(Source data Opens)

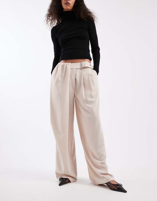 ASOS DESIGN – Gräddvita, figursydda byxor med vida ben, skärpdetalj och veckat överlager
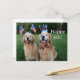Feliz 4 de julho, EUA! Mostre seu espírito patriótico com este cartão postal fofo de golden retriever! O design apresenta uma fotografia de dois cães celebrando o Dia da Independência com bandeiras vermelhas, brancas e azuis, gravata borboleta e faixas na cabeça. O texto é totalmente personalizável.
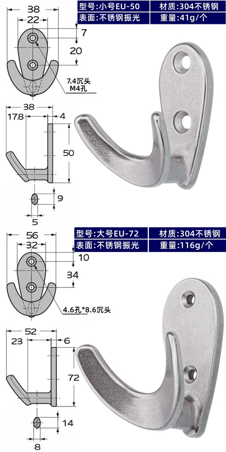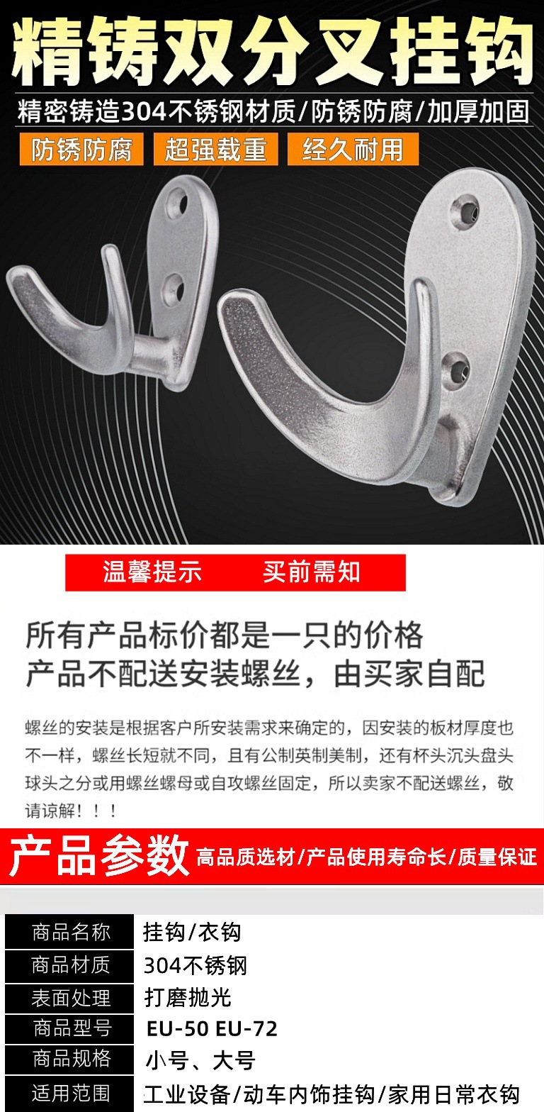 304ステンレスフックEU-50スプリットシングルフック重荷重型ハンガーフックキッチン壁挂けバスルーム吊りハンガーフック
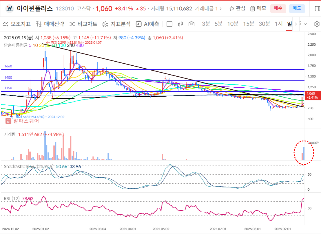 아울러 9월18일(목)에 발생한 거래대금을 보면 당일 거래대금만 1,518억이상 발생했는데, 이는 한싹 시총(743억)의 2배 이상이나 발생했기에 시장에서 뜨거운 관심을 가지고 있다고 볼 수 있어 지속 체크가 필요하다.

(Source data Closes)

When you repeat the material above, keep every word exact and leave out the pictures.

 ASOS DESIGN – Gräddvita, figursydda byxor med vida ben, skärpdetalj och veckat överlager
Feliz 4 de julho, EUA! Mostre seu espírito patriótico com este cartão postal fofo de golden retriever! O design apresenta uma fotografia de dois cães celebrando o Dia da Independência com bandeiras vermelhas, brancas e azuis, gravata borboleta e faixas na cabeça. O texto é totalmente personalizável.
 304ステンレスフックEU-50スプリットシングルフック重荷重型ハンガーフックキッチン壁挂けバスルーム吊りハンガーフック
 아울러 9월18일(목)에 발생한 거래대금을 보면 당일 거래대금만 1,518억이상 발생했는데, 이는 한싹 시총(743억)의 2배 이상이나 발생했기에 시장에서 뜨거운 관심을 가지고 있다고 볼 수 있어 지속 체크가 필요하다.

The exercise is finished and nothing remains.